In the case of determining which iMAT threshold combinations were carried forward to be applied to the CyanoExpress datasets, raw normalised read counts were used as input (Young et al., 2011). Since iMAT relies on percentile-based discretisation of the input data, outputs and optimal thresholds are equivalent to those which are applied to fold-change transcript data. Gene mapping to the metabolic model required conversion of accessions using the ASM972v1 genome assembly: https://www.ncbi.nlm.nih.gov/datasets/genome/GCF_000009725.1/.

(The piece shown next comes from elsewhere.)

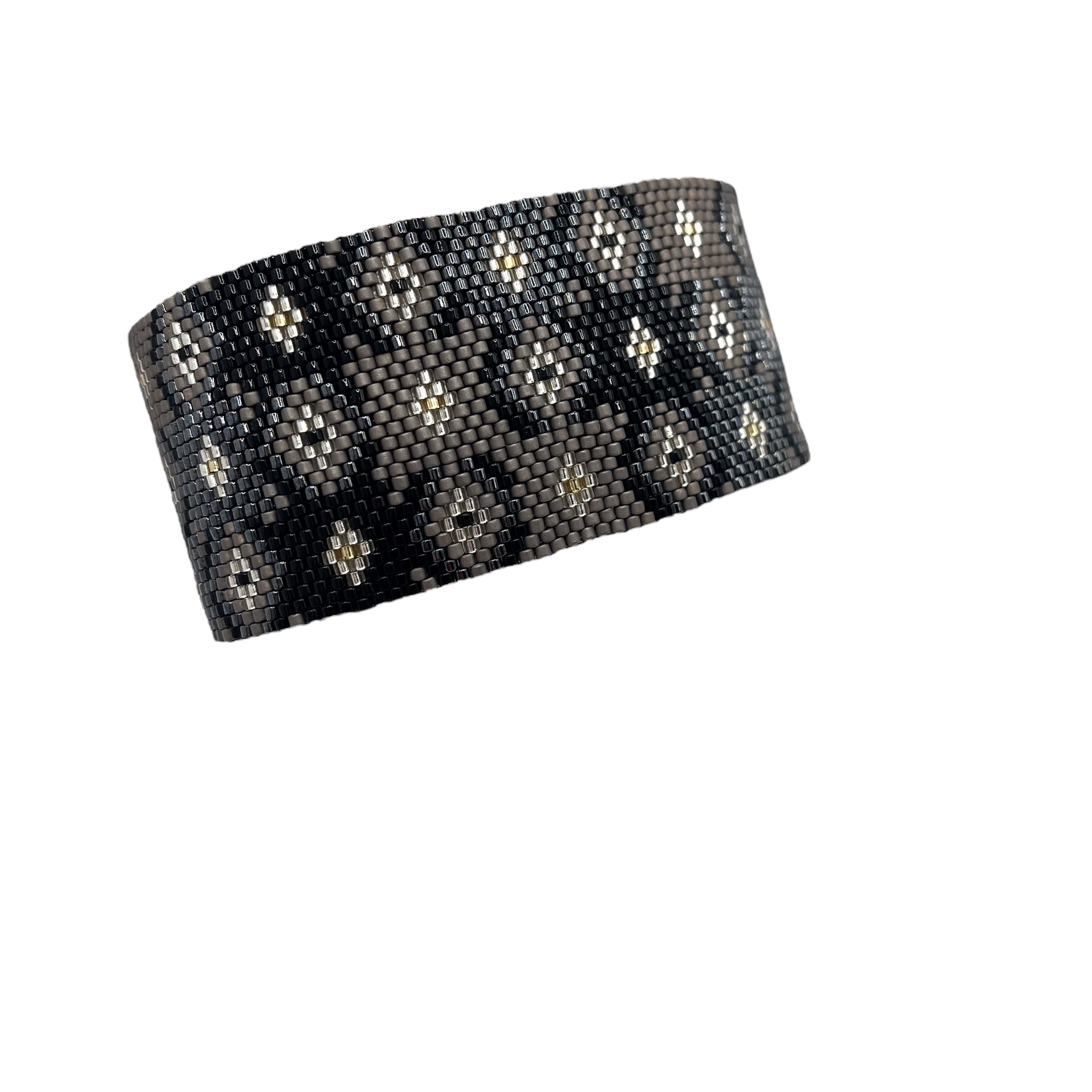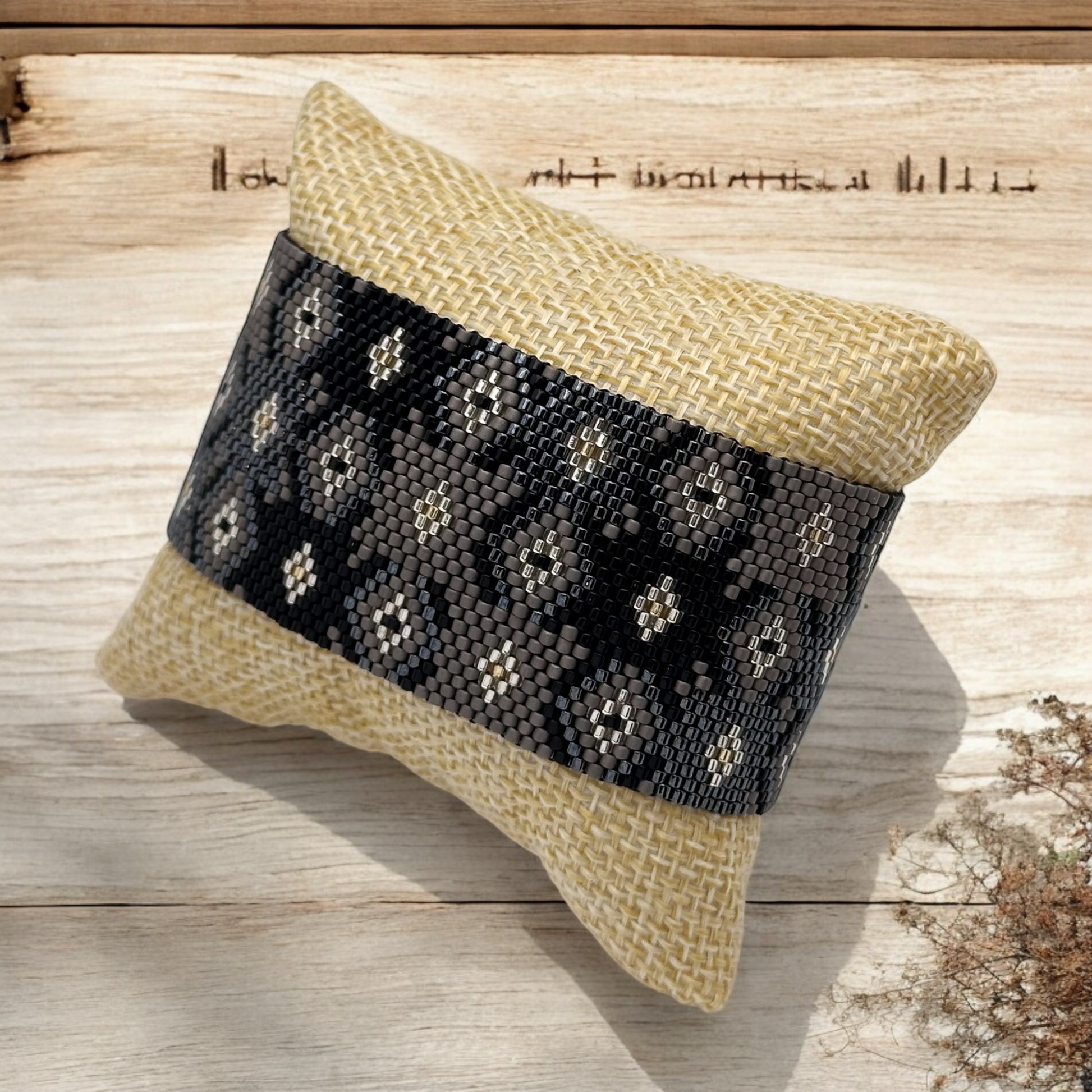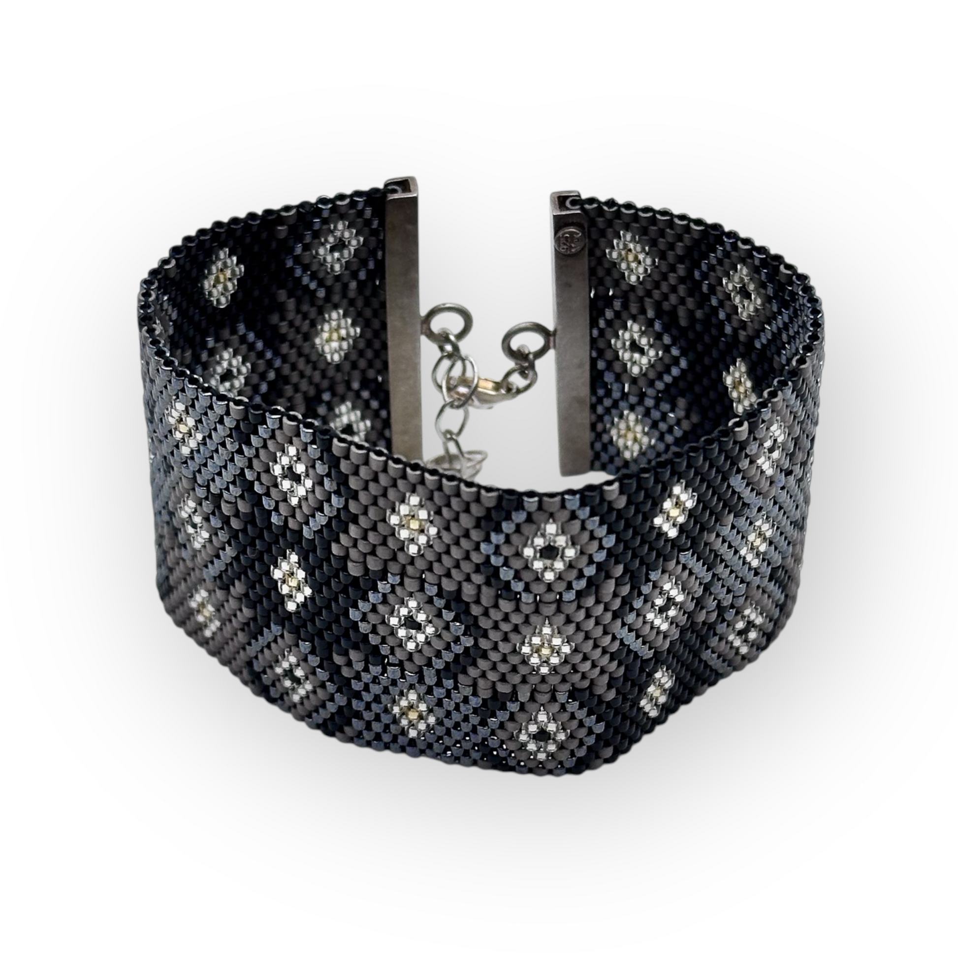 Pulsera tejida huichol chaquira diseño de rombos color negra y gris con broche de plata .925

2.7 Growth rate derivation

Since absolute growth rate determination is not possible from optical density data alone, we derived estimates for relative growth rates. These relative growth rate traces were derived by inferring values from fitted OD curves (Figure 2A). For each OD plot, either an exponential, exponential rise, or logistic curve. The fitted curve’s parameters were used to estimate the growth rate as outlined below.

Figure 2

Diagram with two panels. Panel (A) depicts a workflow for biomass prediction involving prediction through integration, biomass optimization, and growth rate traces compared using DTW distance with target experimental data. Panel (B) shows line graphs for varying gamma values (1 to 5) with corresponding DTW values, illustrating biomass prediction over time. A bar chart is present showing the P-Value against gamma values, decreasing initially, reaching a minima at gamma=2.5, then increasing and stabilizing.

Figure 2. Growth rate methodology schematics (A) showing how optical density data associated with transcriptomic measurements at multiple timepoints were fit with curves, allowing for growth rate estimation in cases where authors did not measure OD at the time of RNA harvest. Curve fitting thereby extended the number of viable datasets suitable for downstream analysis. Integration methods were used to contextualise the metabolic model using the expression profiles from each timepoint. Maximising the biomass objective function was used to generate growth predictions at each time point, facilitating comparison of the predicted and experimentally-derived growth rate traces by computing DTW distances. (A) Snapshot of the biomass prediction pipeline. (B) (METRADE* using uniform scaling applied to the crhR dataset) is shown. Scaling parameter changes (left panel of B) influence the relative differences between time series biomass predictions. The right panel of (B) shows the resulting p-values after comparing observed DTW values (in blue; left panel) to the null distribution.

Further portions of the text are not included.